Incident Response Graphs

When something breaks in production, you need to answer four questions quickly:

What is failing? — which services and components are affected
Why? — the root cause and the causal chain to the symptom
Who is affected? — impacted customers or downstream systems
What happened during the response? — the investigation and resolution timeline

A flat alert table can answer the first question. It cannot answer the rest.
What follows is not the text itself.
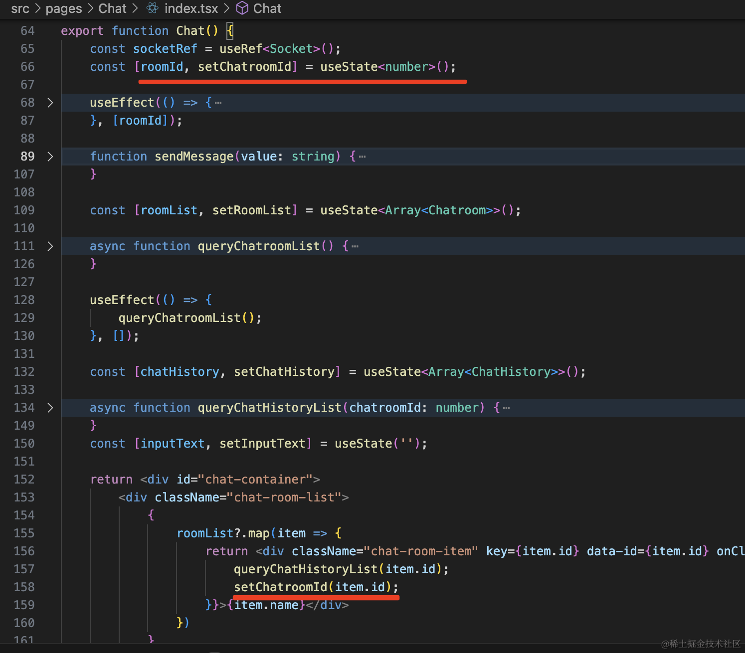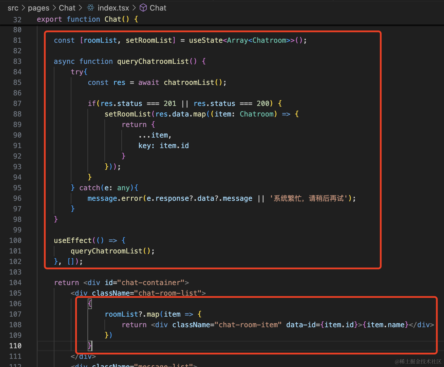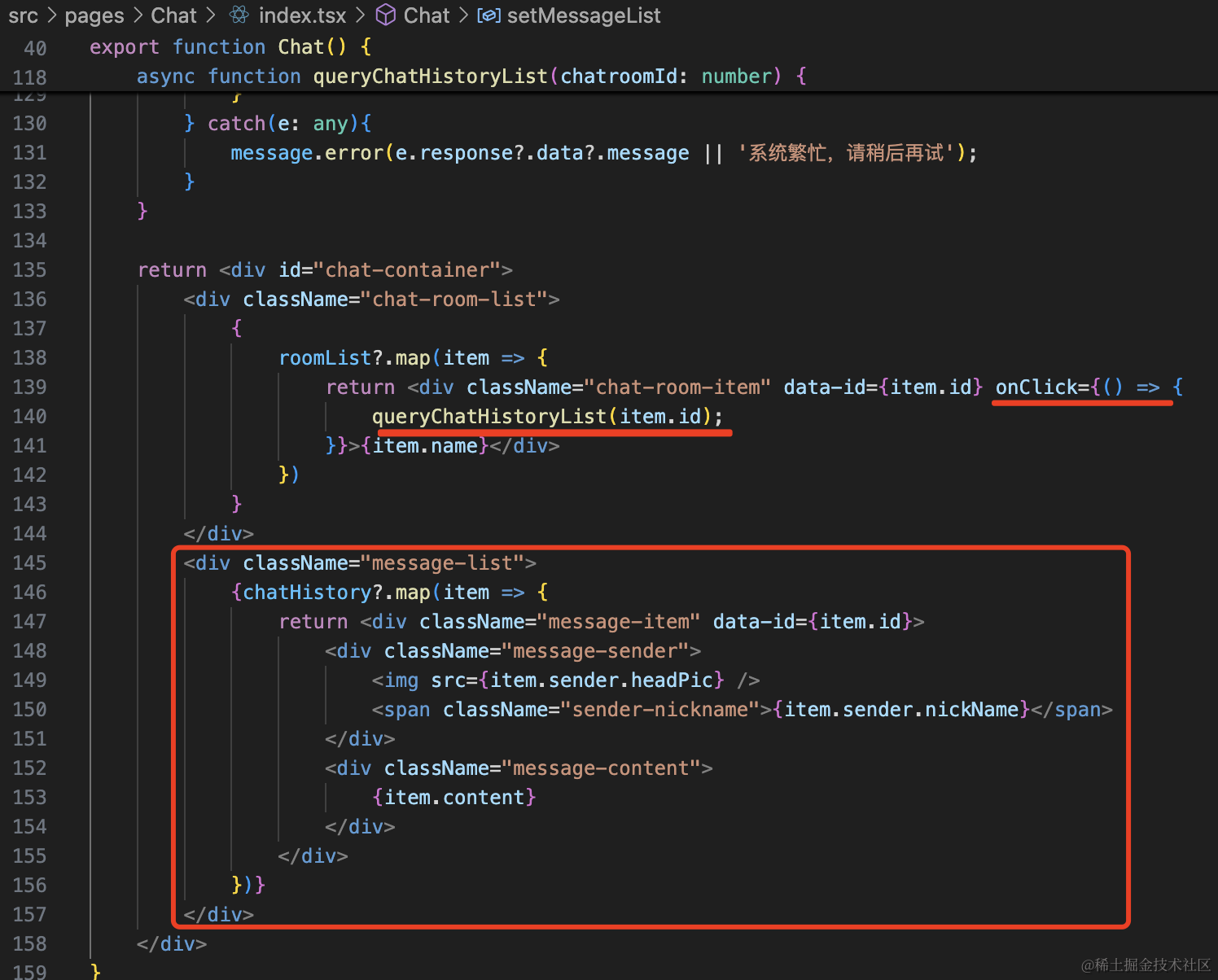 组件里当点击聊天室的时候,就查询对应的聊天记录显示:

A graph can answer all four from a single traversal.

Graph shape

Label	What it represents
`ALERT`	A threshold breach or anomaly detection signal
`INCIDENT`	The declared incident record — owns status, severity, timestamps
`SERVICE`	A component in your infrastructure or application graph
`INCIDENT_EVENT`	An ordered entry in the investigation timeline
`ACTION`	A remediation step taken to resolve the incident
`CUSTOMER`	An end-user or tenant affected by the incident

Step 1: Declare an incident from an alert

When an alert fires, create an INCIDENT record and link it to the alert and all known affected services in a single transaction.

Python
TypeScript
shell

import os
from datetime import datetime, timezone
from rushdb import RushDB

db = RushDB(os.environ["RUSHDB_API_KEY"], base_url="https://api.rushdb.com/api/v1")


def declare_incident(
    alert_id: str,
    affected_service_ids: list[str],
    severity: str,
    summary: str,
    owner_id: str
):
    tx = db.transactions.begin()
    try:
        incident = db.records.create("INCIDENT", {
            "summary": summary,
            "severity": severity,
            "status": "active",
            "ownerId": owner_id,
            "declaredAt": datetime.now(timezone.utc).isoformat(),
            "resolvedAt": None,
            "rootCauseId": None
        }, transaction=tx)

        db.records.attach(alert_id, incident.id, {"type": "TRIGGERED", "direction": "out"}, transaction=tx)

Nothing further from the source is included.